Role Recall: John C. Reilly Remembers 'Boogie Nights,' 'Chicago,' 'Step Brothers,' and More
John C. Reilly is one of the few actors around equally comfortable in a prestige drama from Terrence Malick or Martin Scorsese as in a wackadoo comedy opposite Will Ferrell. Reilly is right at home, then, in The Lobster, Yorgos Lanthimos’s acclaimed, dark yet hilarious new film that takes place in a draconian future where people who can’t find mates are turned into animals.
Related: Colin Farrell Talks ‘Absurd’ New Gem 'The Lobster’ and Gaining 40 Pounds for the Part
Oh, yeah, and Reilly can sing his butt off, too. The 50-year-old earned an Oscar nomination for playing the lowly Amos Hart in the hit musical and Best Picture winner Chicago (named for Reilly’s hometown). Then there are films like Walk Hard, which combine the actor’s comedic and musical talents… all delivered with a dramatic undertone. “I approach comedy as if it’s a drama, and that’s what makes it funny,” Reilly told Yahoo Movies in our new episode of Role Recall (watch above). Some highlights:
Casualties of War (1989)
Reilly made his screen debut at 22 in this Vietnam War drama directed by Brian De Palma, who was so impressed with the actor’s work that the filmmaker expanded Reilly’s role in the film. “That movie was insane for me,” he said. “It was the first time I had ever been on an airplane, the first time I had ever been out of the Midwest, the first time I had ever been in a movie. It was wild.”
Boogie Nights (1997)
“I just remember that as being the best summer of my life,” Reilly said about this beloved '70s porn industry tale directed by his close friend and longtime collaborator Paul Thomas Anderson and featuring an ensemble that included Mark Wahlberg, Burt Reynolds, Julianne Moore, and Philip Seymour Hoffman. “We were pulling all these people into our mad world of improvisation and our sense of humor.”
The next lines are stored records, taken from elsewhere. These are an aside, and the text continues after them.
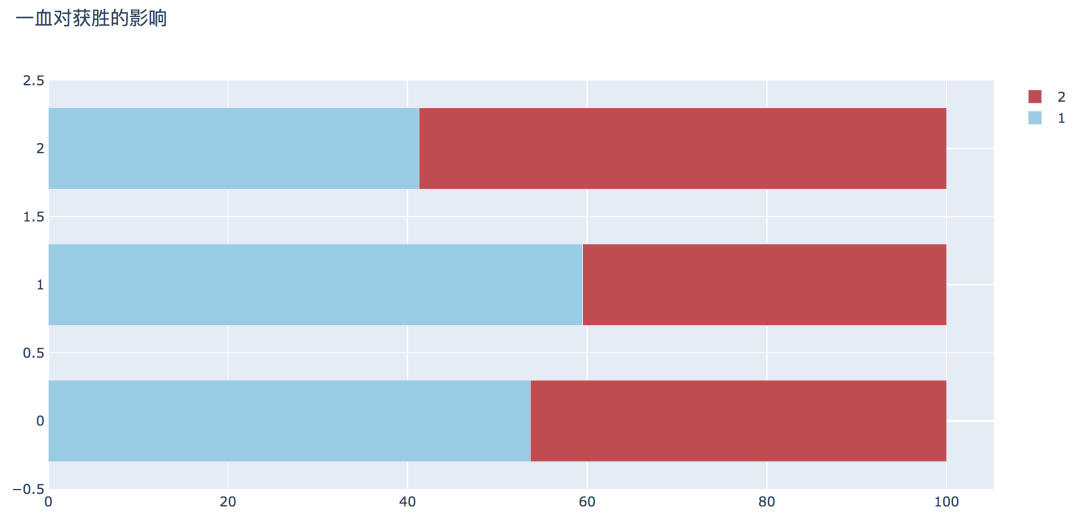获得一血的队伍胜率相对较高,在第一队的游戏中,首先获得一血时的胜率为59.48%,相较未获得一血的比赛高18%。在第二队的游戏中,获得一血时的胜率为58.72%,相较未获得一血的游戏高18%。
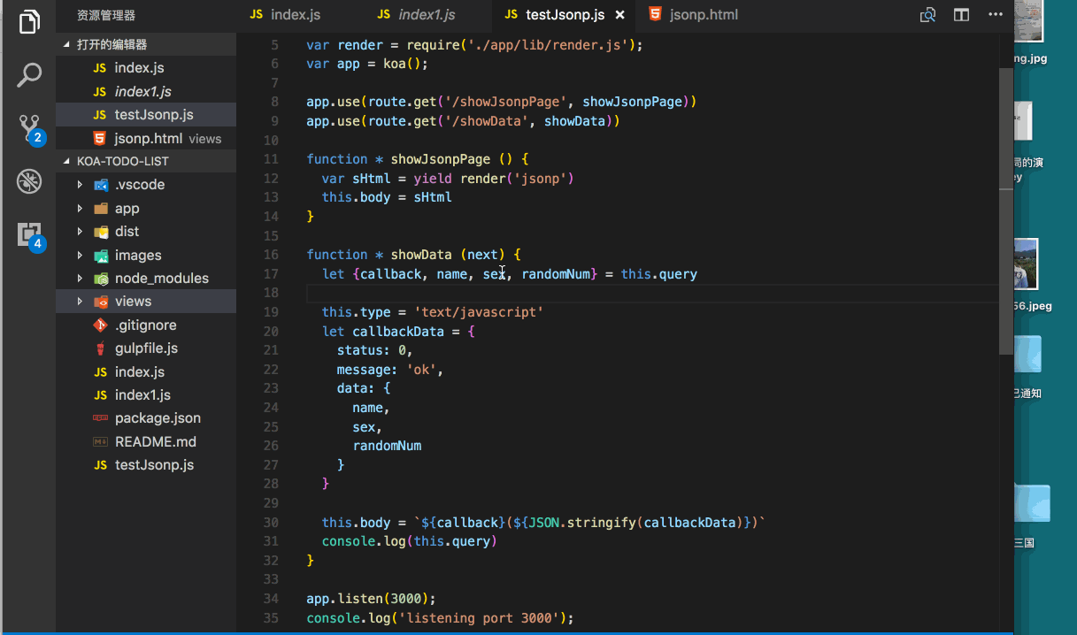 找到根目录的testJsonp.js文件即是服务端主要代码
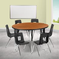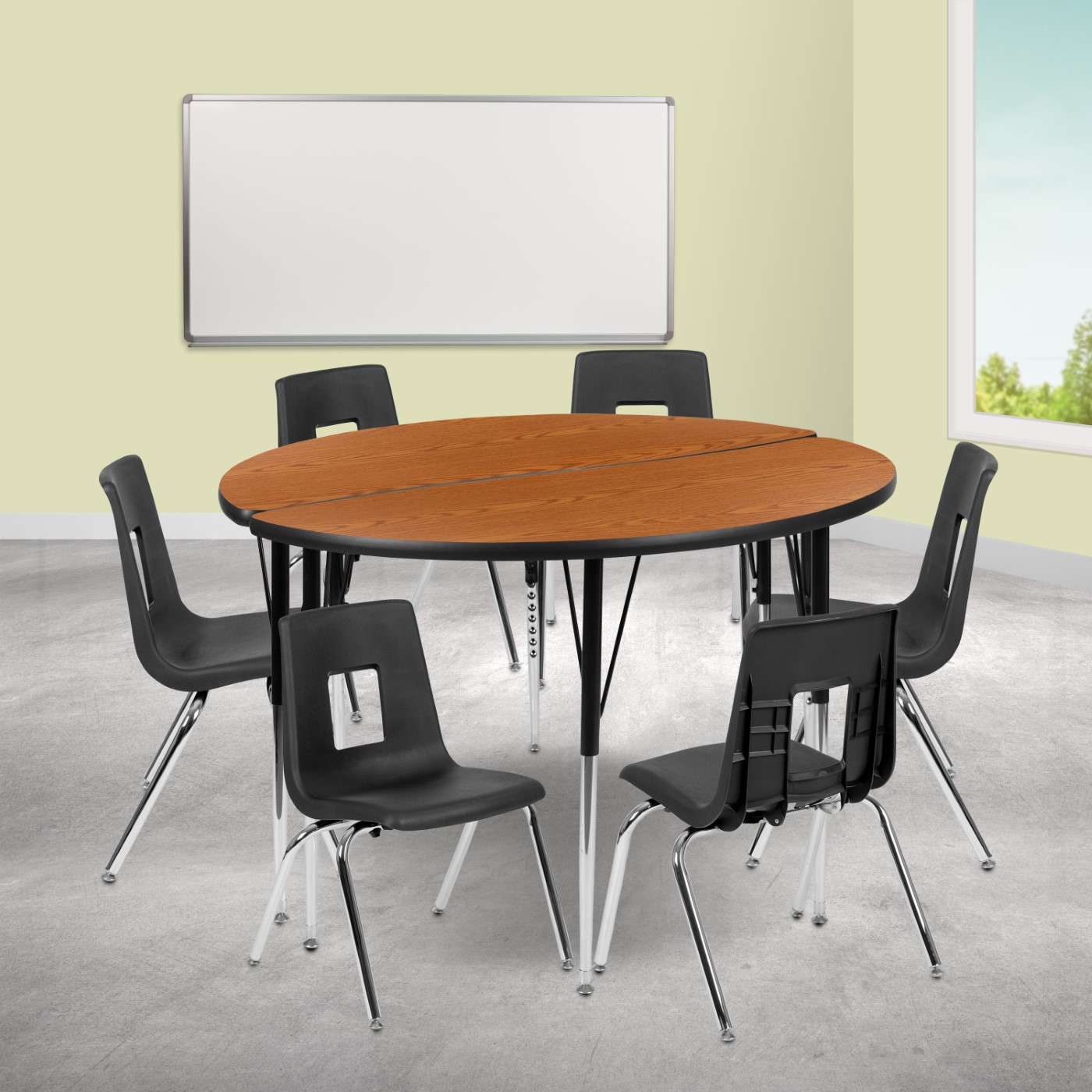 47.5" CIRCLE WAVE FLEXIBLE LAMINATE ACTIVITY TABLE SET WITH 16" STUDENT STACK CHAIRS, OAK/BLACK

Related: Mark Wahlberg Role Recall—‘Boogie Nights,’ ‘Three Kings,’ ‘The Departed,’ and More
Chicago (2002)
Reilly described what it was like to film his solo number, “Mr. Cellophane,” in this song-and-dance hit, one of three Reilly films that earned a Best Picture nomination at the Oscars that year (it beat out Gangs of New York and The Hours). “We were in this cavernous, industrial space… and it was pitch black in front of me. So to me it was just like being on stage and performing. I couldn’t see the cameras, I couldn’t see the crew, I couldn’t see anybody.”
Step Brothers (2008)
Reilly had a string of big comedy hits in the '00s, including Talladega Nights and Walk Hard, but none gets him more admirers than this laugher that paired him with Ferrell as highly stunted man-children whose parents marry. “People come up to me every day about that movie,” he said. “For a big, broad comedy, people found a lot of common ground in that movie.”